Le bien-être et le bien-vivre au sein de notre société doivent devenir un objectif national ambitieux. Maurice fait face à un nombre de défis que beaucoup ignorent. À force d’avoir préféré la peur, la méfiance et le repli sur soi à l’audace et la solidarité affirmée, on en est venu à ne plus voir le danger qui guette. Maurice est le cinquième pays au monde le plus à risque par rapport au réchauffement climatique et la montée des eaux, notre sécurité alimentaire est plus menacée que jamais. L’incidence du diabète, du cancer, des maladies cardio-vasculaires et des accidents cérébraux sont trop élevés. La drogue tue nos jeunes et décime nos familles, tout comme l’alcool, d’ailleurs. Le Mauricien moyen est aujourd’hui surendetté alors que l’écart entre riches et pauvres se creuse, entraînant des drames sociaux auxquels on assiste comme on en assisterait au théâtre. Surendettement d’un côté, suraccumulation de l’autre.
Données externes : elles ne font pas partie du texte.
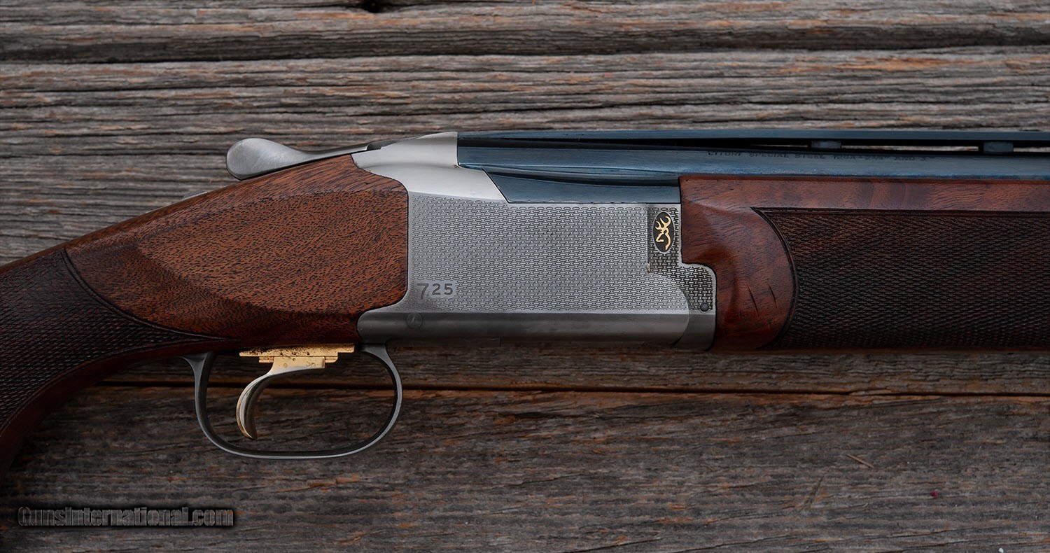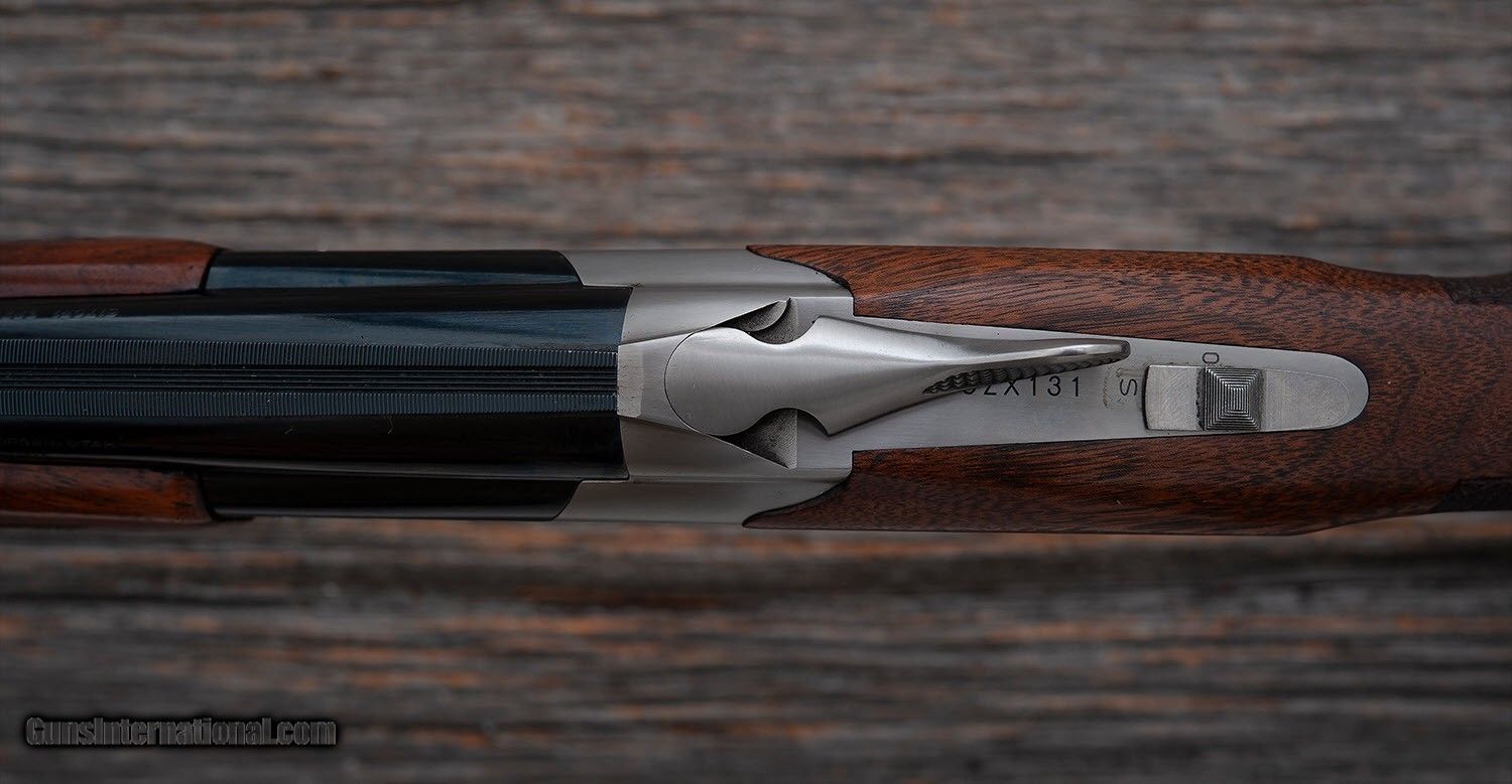 Description: Browning - 725 Sporting - 12 ga - Item Number: BRO09319ZX131 Shotgun type: O&U Action: Boxlock Ejectors: Yes Trigger: Single Grip: Pistol Grip Forend: Checkered Lop: 14 7/8 " Pad thickness: 1 " Type of butt: Inflex Tech. Pad Drop comb: 1 1/2 " Drop heel: 2 3/8 " Cast amount: 1/8 " Cast: OFF Weight: 7 lbs, 10 oz Manufactured in: Japan Finish: Gray Overall condition: Very Good Stock condition: Very Good Metal condition: Very Good Stock: Original finish Metal: Original finish Type of Case: Factory Box Extra barrels: 0 Barrel info: Gauge: 12 ga Chamber: 3 " Length: 30 " Chokes: 8 Choke Tubes Rib type: Ventilated Comments : Solid gun showing some light wear and handling. SG-131 D1 SOLD |

Il est par ailleurs utile de rappeler quelques faits saillants concernant la misère dans le monde, ceci afin que nous ne tombions pas dans un catastrophisme malvenu. Plus d’un milliard d’êtres humains vivent avec moins d’un dollar par jour. 448 millions d’enfants souffrent d’insuffisance pondérale. 876 millions d’adultes sont analphabètes, dont deux tiers sont des femmes. Les femmes gagnent 25 % de moins que les hommes à compétence égale. Chaque jour, 30 000 enfants de moins de cinq ans meurent de maladies qui auraient pu être évitées. La malnutrition provoque la mort de 3,1 millions d’enfants de moins de 5 ans chaque année, soit près de la moitié (45 % ) des causes de décès. Dans les pays en développement, plus d’un enfant sur dix n’atteindra pas l’âge de cinq ans. Aujourd’hui, 42 millions de personnes vivent avec le virus du SIDA, dont 39 millions dans des pays en développement. Plus d’un milliard de personnes n’ont pas accès à de l’eau salubre. 2,4 milliards de personnes sont privées d’installations sanitaires satisfaisantes. 795 millions de personnes souffrent de la faim dans le monde, soit 1 personne sur 9. Dans le monde en développement, 66 millions d’enfants en âge d’aller à l’école y vont le ventre vide, dont 23 millions rien qu’en Afrique. Selon les estimations, il faudrait 3,2 milliards de dollars par an pour nourrir ces 66 millions d’enfants.

Espace de solidarité

Un tableau qui fait frémir, certes, mais qui permet en même temps de prendre la mesure de ce que nous devons encore améliorer, à commencer par nous rappeler que le monde n’est pas un ensemble de nombres ou d’institutions, mais qu’il est fait de personnes bien en chair et en os, dont certaines sont plus en os qu’en chair, d’ailleurs. Les discussions de chiffres ne servent à rien. Aux élections, ce sont les citoyens qui votent, et non les suffrages. Ainsi, dans le monde, il n’y a pas de quotas, il y a des réfugiés. Il n’y a pas d’indicateurs économiques, il y a des travailleurs. De même, on devrait parler plus des pauvres que des seuils de pauvreté. Le caractère concret de la personne humaine est trop souvent réduit à un principe abstrait, plus commode et plus apaisant. Il faudrait œuvrer pour une démarche inclusive, ce qui signifie l’édification d’un espace de solidarité. Et cela implique en effet qu’on se soutienne mutuellement, qu’il ne peut y avoir que quelques-uns qui portent le poids et font des sacrifices extraordinaires, tandis que les autres restent retranchés dans la défense de positions privilégiées.